(Dataset content Opens)

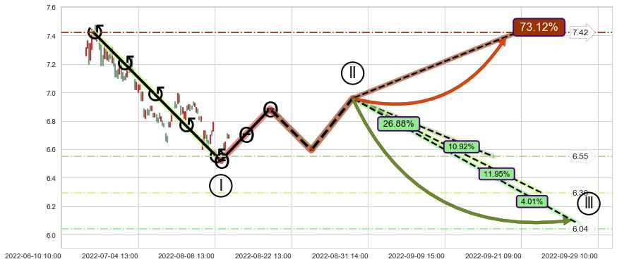 ➢ 循环浪继续向下【最高】位置(09-16:12, 6.55),匹配聚类样本比例40.62%, 可能性概率10.92%
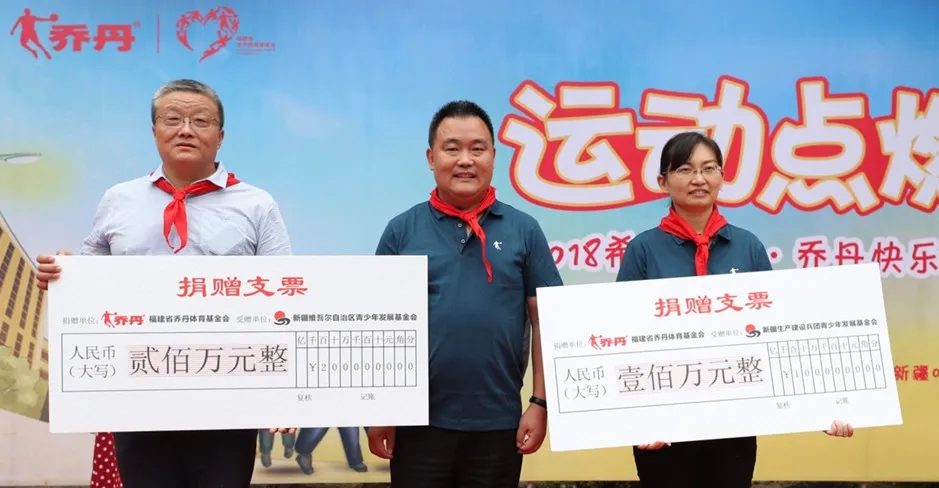“希望工程·谈球吧乔丹快乐体育基金”向福建省青少年发展基金会捐赠400万元用于在福建援建希望小学、捐助校园体育设施,开展体育活动等项目。
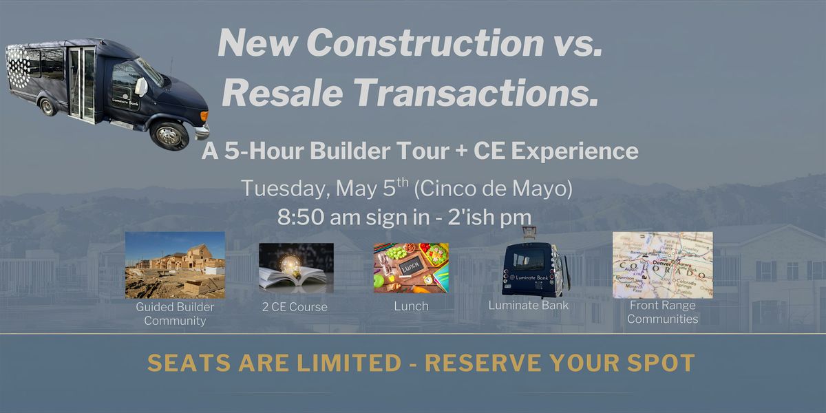 Hop on Dotty for a five-hour learning adventure with the Luminate Bank Builder Team! Climb aboard Dotty, our comfortable tour bus, as we explore new build communities in Northern Colorado. During our journey, you’ll participate in the “New Construction vs. Resale Transactions” course, a 2 CE Colorado Real Estate Commission-approved class designed to help brokers master the unique challenges and opportunities of new construction deals.
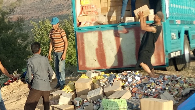 في خطوة محمودة وعلى غير ما بثنا نسمعه عند وقوع حوادث السير من تسابق الناس إلى نشل وسرقة أغراض المصابين أو نهب السلعة الموجودة بالشاحنة التي تعرضت لحادثة السير، لم نشهد مثل هذه المشاهد في حادث السير الذي وقع زوال اليوم بأحد منعرجات بين الويدان إثر انقلاب شاحنة محملة بأطنان من السمك المعلب بمختلف الأنواع والأشكال.
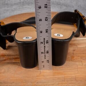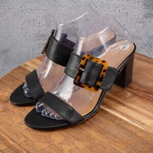 Fabianelli Black Leather Block Heel Sandals Women 9 Two Bands Tortoise Buckle

(Dataset content Closes)

- _What to produce_:
A word-for-word copy of the entries above is what is needed, without any images.

- _Response area_:
 ➢ 循环浪继续向下【最高】位置(09-16:12, 6.55),匹配聚类样本比例40.62%, 可能性概率10.92%
“希望工程·谈球吧乔丹快乐体育基金”向福建省青少年发展基金会捐赠400万元用于在福建援建希望小学、捐助校园体育设施,开展体育活动等项目。
 Hop on Dotty for a five-hour learning adventure with the Luminate Bank Builder Team! Climb aboard Dotty, our comfortable tour bus, as we explore new build communities in Northern Colorado. During our journey, you’ll participate in the “New Construction vs. Resale Transactions” course, a 2 CE Colorado Real Estate Commission-approved class designed to help brokers master the unique challenges and opportunities of new construction deals.
 في خطوة محمودة وعلى غير ما بثنا نسمعه عند وقوع حوادث السير من تسابق الناس إلى نشل وسرقة أغراض المصابين أو نهب السلعة الموجودة بالشاحنة التي تعرضت لحادثة السير، لم نشهد مثل هذه المشاهد في حادث السير الذي وقع زوال اليوم بأحد منعرجات بين الويدان إثر انقلاب شاحنة محملة بأطنان من السمك المعلب بمختلف الأنواع والأشكال.
 Fabianelli Black Leather Block Heel Sandals Women 9 Two Bands Tortoise Buckle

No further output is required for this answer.